= Alain Madeleine-Perdrillat =

French art historian

Alain Madeleine-Perdrillat (7 September 1949, Paris) is a French art historian.

== Biography ==
Alain Madeleine-Perdrillat led the Communications Department of the Réunion des Musées Nationaux for several years then the communication service of the institut national d'histoire de l'art.

He is the author of a monograph on Seurat (Skira, 1990), a study of the correspondence of Nicolas de Staël (Hazan, 2003) as well as popular books on painting.

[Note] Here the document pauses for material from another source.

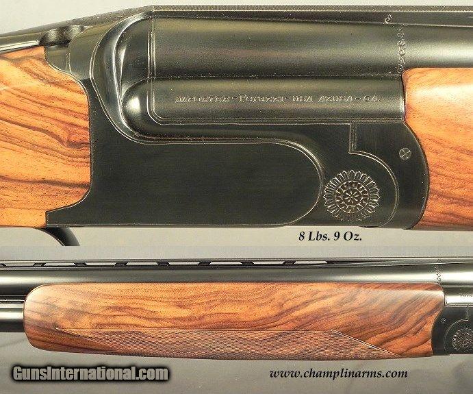 Description: #133884, Perazzi 12 Bore Model MX 8 Sporting O/U with Upgraded Wood Made 2005 with 32" Flat 11 x 7 mm (7/16" x 9/32") Vent Rib barrels that remains like a new gun, Factory fixed chokes at .731 .022 & .030" (Mod. & Tight Imp. Mod.), 3" original chambers, KG 1,610 weight barrels, The side ribs are vented, Detachable single non-selective trigger with flat springs, Full 10 1/2" forend, Type IV forend, Pistol grip stock at 14 3/4 x 1 7/16 x 2" over a 9/16" factory pad, It will go 15 1/4" lop with a 1" pad installed, Neutral stock for the right or left hand, 8 lbs. 9 oz., Factory upgrade wood to SC2 quality with excellent color and contrast, This gun is totally original in every respect with every serial number matching, It was bought new and fired very little, It retains 99.5% original blue, The wood is still at 99.5%, The checkering at 100%. The breech face, the face of the hammers and the gold plated trigger are all still at 99.5%. It is cased in the black factory ABS trunk with factory spare flat springs and strikers. This is a very nice Perazzi with nice wood and it still has 100% mechanical life left in the piece. SOLD |

A poetry lover, he wrote in journals about Yves Bonnefoy and Philippe Jaccottet. He also translated Masolino et Masaccio by Roberto Longhi (1981).

== Publications ==
- 1990: Seurat, Skira
- 1994: Un dimanche avec Vermeer, Skira.
- 1994: Un dimanche au Louvre, Skira.
- 1994: Un dimanche avec Cézanne, Skira.
- 2003: Nicolas de Staël, Hazan.
- 2004: De longues absences suivi de Treize poèmes d'hiver en Corrèze, La Dogana.
- 2010: Laurent de La Hyre, La Mort des enfants de Béthel, éditions Invenit.
- 2011: La vie d'un peintre par Gino Sévérini, Hazan.
- 2013: Alexandre Hollan : L'expérience de voir (sous la direction), Somogy Éditions d'Art.
- 2015: Damiers, avec des Textes d'Yves Bonnefoy et Alain Madeleine-Perdrillat, Cendres.